THE High Court will rule today on whether there is a chance the en bloc sale of Horizon Towers can still go through.
With the high-profile case having attracted huge interest amid Singapore’s en bloc fever, all eyes will be on Justice Choo Han Teck as he announces his verdict on a decision by the Strata Titles Board (STB) in August to dismiss Horizon Towers’ application for a collective-sale order.
If Justice Choo decides the board was right in its dismissal, it will spell the end of the collective sale. But if he rules that the board erred, the application will go back to STB to be heard again.
Justice Choo has had to decide whether STB was right to throw out Horizon Towers’ application - before hearing its merits - because the collective-sale agreement appended to it was missing three signature pages.
The majority owners who consented to the en bloc sale have argued that the omission was a technical ‘oversight’ that can easily be amended. The minority sellers who object to the sale say the omission is significant and one of many.

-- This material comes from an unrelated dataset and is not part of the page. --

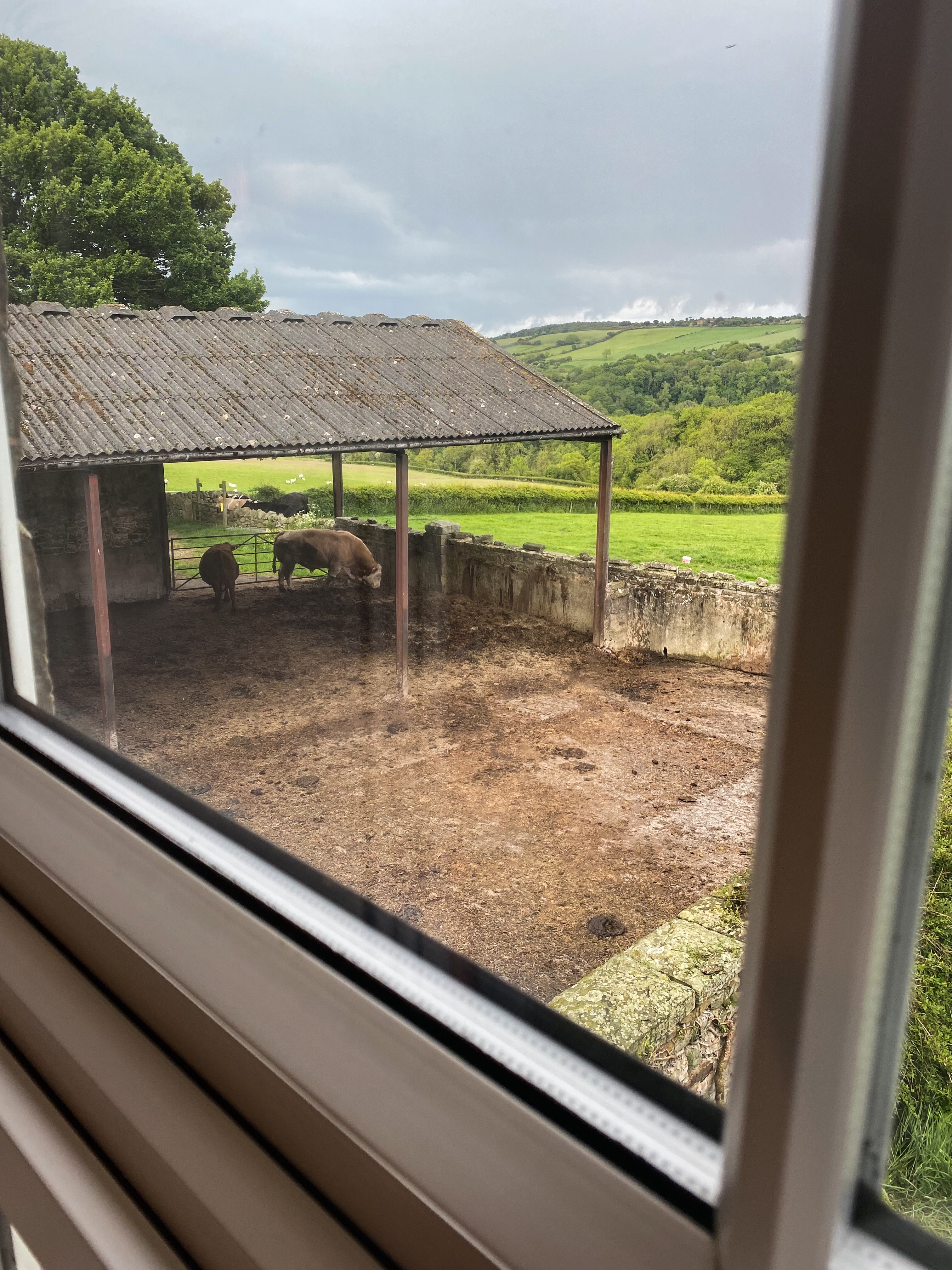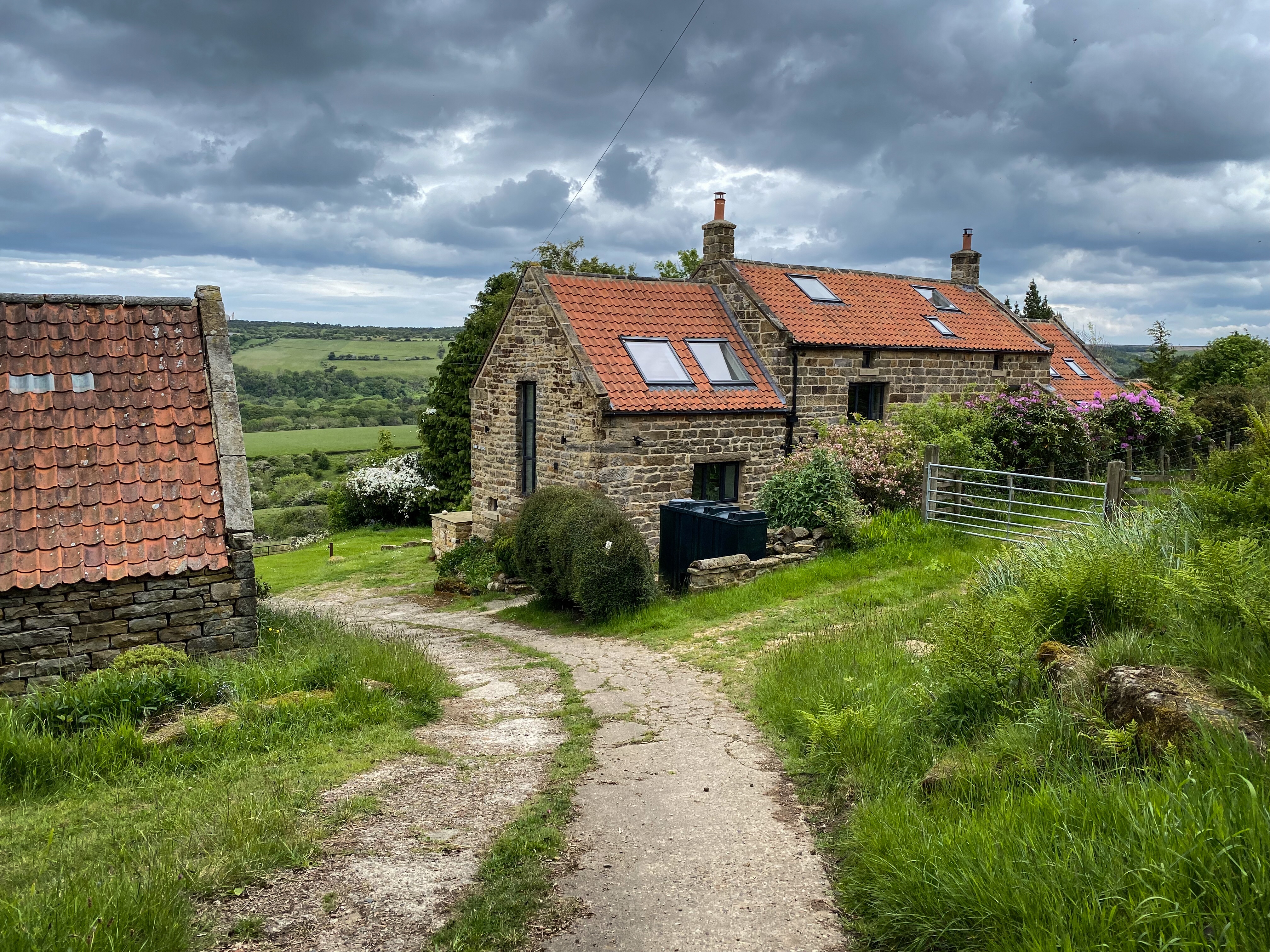 After we reached the top of that hill, we were back on a moor. We crossed over it, went down to a busy road, and before we reached Littlebeck, left the C2C route and followed a track into farmland again. (It is so strange to walk through someone’s farm and right in front of their house on what you would think would be their front yard.) The last part of our walk was through a field of sheep running for the hills, a pasture with cows and calves (you should have seen us walk through there like farmers), and through a barnyard. We ended up at Intake Farm. It is obviously a working farm besides being a B&B. They also have walkers camp here and feed them dinner as well. Our host gave us tea and cake in her kitchen as she and her niece were preparing a delicious home cooked dinner. After tea Nancy and I went upstairs to settle in; I had the best shower of this whole trip!

Justice Choo’s decision will affect some 270 owners in the Leonie Hill development, and the reaction in the public gallery today is expected to be considerable whichever way he rules.
While some owners are against the collective sale, others want it to proceed. ‘I agreed to the sale and I want it to go through - not get stuck on some technicality - so I can move on,’ one owner told BT last week.
Justice Choo’s ruling will also determine whether a lawsuit hanging over the heads of the majority owners will go ahead. The buyers of Horizon Towers - Hotel Properties (HPL) and its partners - will move to sue the owners for up to $1 billion in damages if the sale falls through.
HPL and its partners allege that the majority sellers failed to do their part to honour the sale agreement - that is, do their utmost to submit a proper application to STB. HPL is also angered by what it believes are attempts by some majority sellers to scupper the deal after it was signed.
In an affidavit submitted to court in support of its claim against the sellers, HPL alleges that anonymous letters were circulated among Horizon Towers owners asking them to rescind the sale agreement because neighbouring properties were starting to fetch better prices.
HPL and its partners agreed in February to buy Horizon Towers for $500 million. But nearby developments such as The Grangeford subsequently started going for double the per square foot amount.
After STB threw out Horizon Towers’ application, HPL and its partners fought a very public battle with the majority sellers as it sought to convince them to extend the sale completion deadline. The sellers eventually agreed to extend the deadline to Dec 11, which buys the parties enough time to complete the deal if the High Court decides today to overrule STB’s decision.
HPL and its partners have halted legal proceedings against the majority sellers but say that they will restart them should the sale fall through.
The outcome of the sale will remain uncertain even if the High Court decides today to send the application back to STB. STB’s schedule is believed to be full, which could affect chances for Horizon Towers’ application to be heard in time.
STB will also need to hear the application all over again - including its merits - as well as objections by the minority.